Keywords: Randomized Algorithms; Online Algorithms; Artificial Intelligence; Applications

(6) "Combinatorial Semi-Bandits with Knapsacks"
Joint Work with Aleksandrs Slivkins
The 21st International Conference on Artificial Intelligence and Statistics (AIStats), 2018
(Invited for Oral Presentation)
(Top 5% of submissions)

Abstract: This paper unifies two lines of work on multi-armed bandits, Bandits with Knapsacks (BwK) and semi-bandits. The former concerns scenarios with limited "resources" consumed by the algorithm, e.g., limited inventory in a dynamic pricing problem. The latter has a huge number of actions, but there is combinatorial structure and additional feedback which makes the problem tractable. Both lines of work has received considerable recent attention, and are supported by numerous application examples. We define a common generalization, and design a general algorithm for this model. Our regret rates are comparable with those for BwK and semi-bandits in general, and essentially optimal for important special cases.

Keywords: Randomized Algorithms; Online Learning; Theory of Computation; Machine Learning

(5) "Allocation Problems in Ride-Sharing Platforms: Online Matching with Offline Reusable Resources"
Joint Work with John Dickerson, Aravind Srinivasan, Pan Xu
The 32nd AAAI Conference on Artificial Intelligence (AAAI), 2018
(Oral Presentation)

Abstract: Bipartite matching markets pair agents on one side of a market with agents, items, or contracts on the opposing side.
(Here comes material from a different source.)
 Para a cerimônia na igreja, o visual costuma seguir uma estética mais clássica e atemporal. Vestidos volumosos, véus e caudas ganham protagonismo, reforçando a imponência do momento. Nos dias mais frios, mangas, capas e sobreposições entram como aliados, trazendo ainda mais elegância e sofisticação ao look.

Prior work addresses online bipartite matching markets, where agents arrive over time and are dynamically matched to a known set of disposable resources. In this paper, we propose a new model, Online Matching with (offline) Reusable Resources under Known Adversarial Distributions (OM-RR-KAD), in which resources on the offline side are reusable instead of disposable; that is, once matched, resources become available again at some point in the future. We show that our model is tractable by presenting an LP-based adaptive algorithm that achieves an online competitive ratio of 1/2 − ε for any given ε > 0. We also show that no non-adaptive algorithm can achieve a ratio of 1/2 + o(1) based on the same benchmark LP. Through a data-driven analysis on a massive openly-available dataset, we show our model is robust enough to capture the application of taxi dispatching service. We also present heuristics that perform well in practice.
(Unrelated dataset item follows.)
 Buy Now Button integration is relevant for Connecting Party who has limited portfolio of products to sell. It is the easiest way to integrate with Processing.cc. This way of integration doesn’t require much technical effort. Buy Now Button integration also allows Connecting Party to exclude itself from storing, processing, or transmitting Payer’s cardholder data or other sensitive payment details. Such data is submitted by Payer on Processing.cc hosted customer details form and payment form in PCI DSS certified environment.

Keywords: Randomized Algorithms; Online Algorithms; Artificial Intelligence; Applications

(4) "Algorithms to Approximate Column-Sparse Packing Programs"
Joint Work with Brian Brubach, Aravind Srinivasan, Pan Xu
The 29th Annual ACM-SIAM Symposium on Discrete Algorithms (SODA), 2018

Abstract: Column-sparse packing problems arise in several contexts in both deterministic and stochastic discrete optimization. We present two unifying ideas, (non-uniform) attenuation and multiple-chance algorithms, to obtain improved approximation algorithms for some well-known families of such problems. As three main examples, we attain the integrality gap, up to lower-order terms, for known LP relaxations for k-column sparse packing integer programs (Bansal et al., Theory of Computing, 2012) and stochastic k-set packing (Bansal et al., Algorithmica, 2012), and go “half the remaining distance” to optimal for a major integrality-gap conjecture of Furedi, Kahn and Seymour on hypergraph matching (Combinatorica, 1993).
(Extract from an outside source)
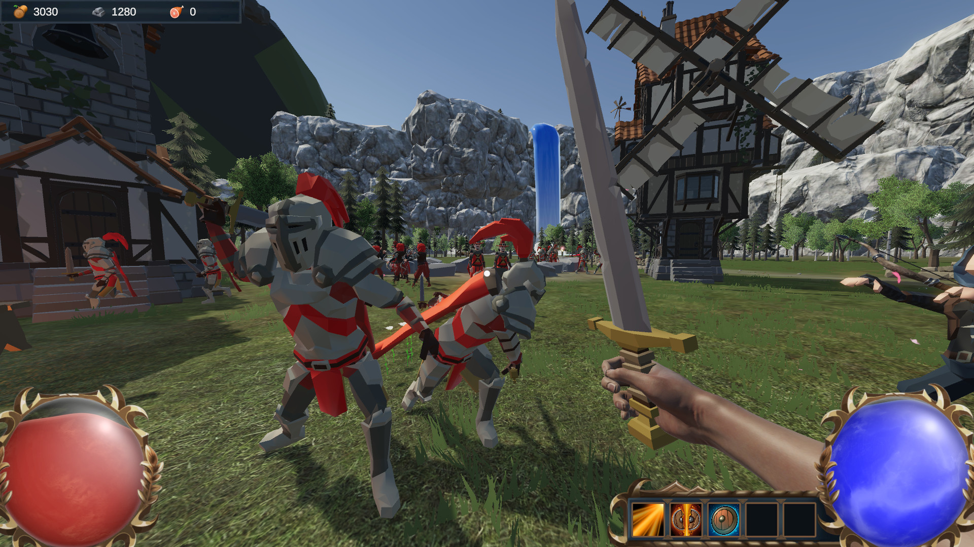 God Save Us is an RTS/God game where you control a village and use your powers to defend the villagers against waves of enemies. Your main power is the ability to possess any friendly unit and use them to fight in first-person. There are 4 types of units at the moment that you can control: Warrior, Archer, Mage and Villager.

Keywords: Randomized Algorithms; Theory of Computation

(3) "Attenuate Locally, Win Globally: Attenuation-based Frameworks for Online Stochastic Matching with Timeouts"
Joint Work with Brian Brubach, Aravind Srinivasan, Pan Xu
The 16th International Conference on Autonomous Agents and Multiagent Systems (AAMAS), 2017

Abstract: The Online Stochastic Matching with Timeouts problem introduced by Bansal, Gupta, Li, Mestre, Nagarajan, and Rudra (Algorithmica, 2012) models matching markets (e.g. E-Bay, Amazon). Buyers arrive from an independent and identically distributed (i.i.d.) known distribution on buyer profiles and can be shown a list of items one at a time. Each buyer has some probability of purchasing each item and a limit (timeout) on the number of items they can be shown. Bansal et al. (Algorithmica, 2012) gave a 0.12-competitive algorithm which was improved by Adamczyk, Grandoni, and Mukherjee (ESA, 2015) to 0.24. We present an online attenuation framework that uses an algorithm for offline stochastic matching as a black box. Our main contributions are as follows. On the upper bound side, we show that this framework combined with a black box adapted from Bansal et al. (Algorithmica, 2012) yields an online algorithm which nearly doubles the ratio to 0.46. On the lower bound side, we show that no algorithm can achieve a ratio better than 0.632 using the common LP for this problem. We then introduce a natural generalization: Online Stochastic Matching with Two-sided Timeouts in which both online and offline vertices have timeouts. Our framework provides the first algorithm for this problem achieving a ratio of 0.31. We accomplish this by proposing a new black box algorithm for offline stochastic matching on star graphs, which may be of independent interest. This new black box improves the approximation ratio for the offline stochastic matching problem on star graphs from 0.5 by Adamczyk et al. (ESA 2015) to 0.56.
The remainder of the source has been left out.